Он продолжал работать с прежним рвением, но свою лошадь, как он окрестил «Зингер», ставил в конюшню ещё до полуночи, чтобы, упаси Боже, не потревожить драгоценный сон реб Каплера, а по субботам вообще не выводил её из стойла. Со всеми заказами Кисина Шлеймке справился в срок, а вырученные деньги по договоренности передал через Антанину приехавшему из Елгавы племяннику покойного — костлявому заике жестянщику Берлу, чтобы тот поставил на них памятник.
Каменотёс Иона высек на плоском овальном камне традиционную надпись «Здесь погребён», а также имя и фамилию покойного, но позволил себе и некую вольность — пустил долотом по низу тонкую нить, оборванную на середине, а под ней иголку, как бы выпавшую из рук на могильный холм.
Роха не могла нарадоваться на успехи сына и всюду превозносила его и свою невестку.
— Он-то мне не изменит ни с Францией, ни с Америкой, ни с Палестиной! Он-то нам с Довидом наверняка тут закроет глаза, — пылко доказывала она себе и всем знакомым.

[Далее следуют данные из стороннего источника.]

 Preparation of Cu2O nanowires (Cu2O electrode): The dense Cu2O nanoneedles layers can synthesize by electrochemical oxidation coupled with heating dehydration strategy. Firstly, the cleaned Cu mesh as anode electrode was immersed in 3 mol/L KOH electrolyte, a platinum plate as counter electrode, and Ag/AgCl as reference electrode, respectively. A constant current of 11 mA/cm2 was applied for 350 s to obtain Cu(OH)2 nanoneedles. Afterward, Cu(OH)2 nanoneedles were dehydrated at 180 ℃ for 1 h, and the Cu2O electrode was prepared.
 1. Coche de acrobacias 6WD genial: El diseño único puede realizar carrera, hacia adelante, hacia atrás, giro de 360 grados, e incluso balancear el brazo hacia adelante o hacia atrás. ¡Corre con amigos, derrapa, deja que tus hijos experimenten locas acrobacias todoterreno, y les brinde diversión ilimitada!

Радовалась тому, что у молодого портного увеличивается клиентура, и семья Кремницеров.
— А кто был его Колумбом? — вопрошал, подчеркивая свои заслуги, реб Ешуа. — Кто первый открыл его для мира?
В местечке мало кто знал, кто такой Колумб. Наверное, и сам бургомистр Йонавы, крестьянский сын, не слышал такую фамилию.

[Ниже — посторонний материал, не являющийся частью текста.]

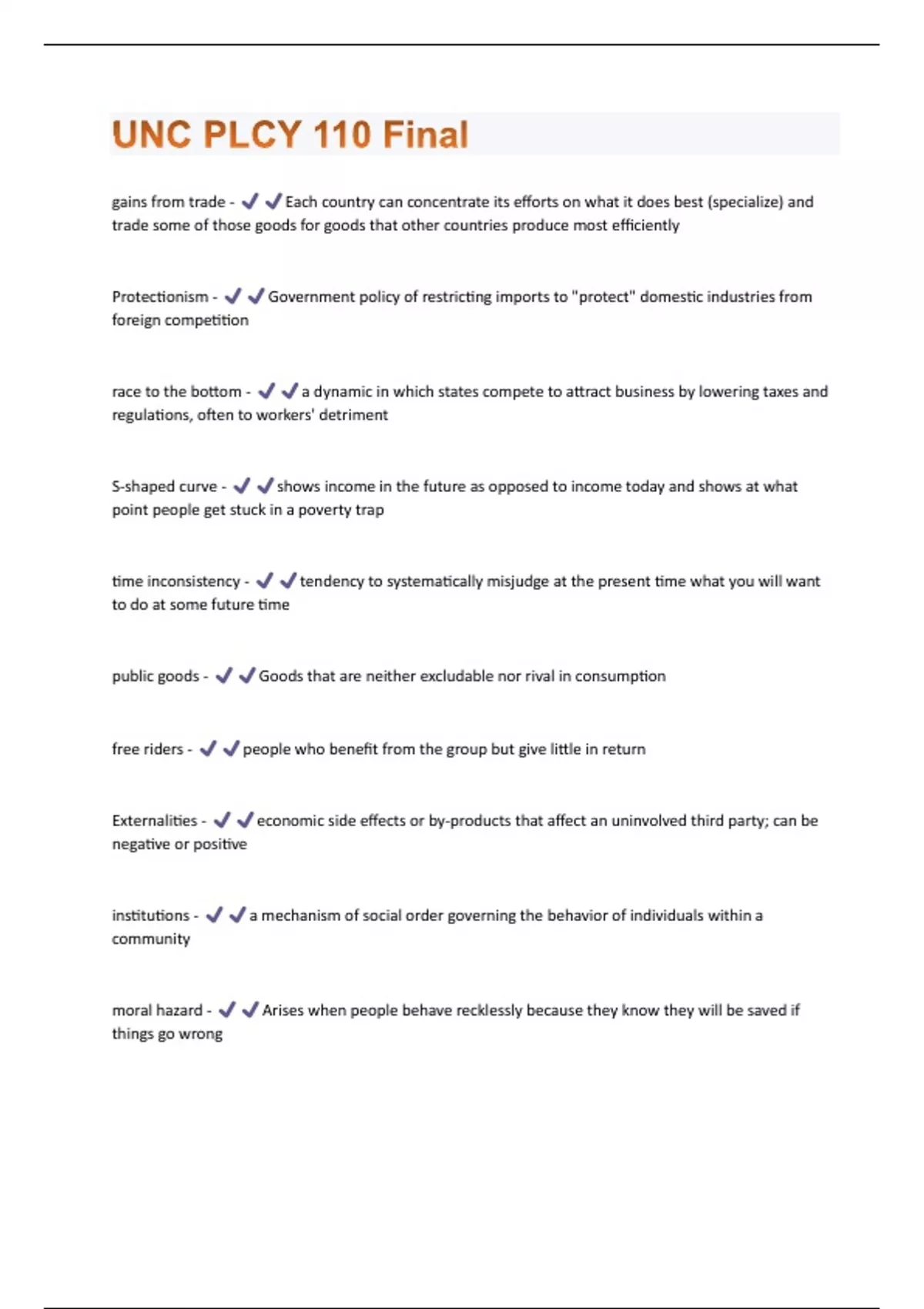 gains from trade - Each country can concentrate its efforts on what it does best (specialize) and trade some of those goods for goods that other countries produce most efficiently Protectionism - Government policy of restricting imports to "protect" domestic industries from foreign competition race to the bottom - a dynamic in which states compete to attract business by lowering taxes and regulations, often to workers' detriment S-shaped curve - shows income in the future as opposed to income today and shows at what point people get stuck in a poverty trap time inconsistency - tendency to systematically misjudge at the present time what you will want to do at some future time public goods - Goods that are neither excludable nor rival in consumption free riders - people who benefit from the group but give little in return Externalities - economic side effects or by-products that affect an uninvolved third party; can be negative or positive institutions - a mechanism of social order governing the behavior of individuals within a community moral hazard - Arises when people behave recklessly because they know they will be saved if things go wrongAdverse Selection - the situation in which one party to a transaction takes advantage of knowing more than the other party to the transaction fraud - A deliberate deception intended to secure an unfair or unlawful gain cash transfers - direct payments of money to eligible poor people migrant - traveler who moves from one region or country to another refugee - A person who has been forced to leave their country in order to escape war, persecution, or natural disaster asylum seeker - Someone who has migrated to another country in the hope of being recognized as a refugee internally displaced - someone who is forced to leave his or her home and community but who remains in the same country proscriptive - forbidding or restricting something prescriptive - of or relating to the imposition or enforcement of a rule or method civil rights - the rights of citizens to political and social freedom and equality. welfare rights - right to receive basic goods- education, health care, protection Universalism - Everyone entitled to certain rights without distinctions based on race, sex, language, religion, political opinion, nationality, or other status. All governments can be expected to guarantee these rights for all the people that live under their jurisdiction.Relativism - : Human values vary according to cultural perspectives and the application or promotion of rights will vary by country or region. Governments should be free to choose which rights to provide. CEDAW - Neither traditional, religious or cultural practice nor incompatible domestic laws and policies can justify violations of the Convention

Время между тем утекало, как тихие ручейки в реку, без водоворотов и всплесков. В Литве больше никого не расстреливали. Новый президент, как ему положено было по должности, произносил поучительные профессорские речи и даже не гнушался иногда посещать провинцию. Завернул он однажды и в Йонаву, послушал на площади в исполнении смешанного хора учеников литовской гимназии и учащихся местечковой ивритской школы Тарбут государственный гимн: «О Литва, отчизна наша, ты страна героев…» и, удостоверившись в любви к родине своих юных подданных разных национальностей, весьма довольный вернулся в столицу, в свой президентский дворец.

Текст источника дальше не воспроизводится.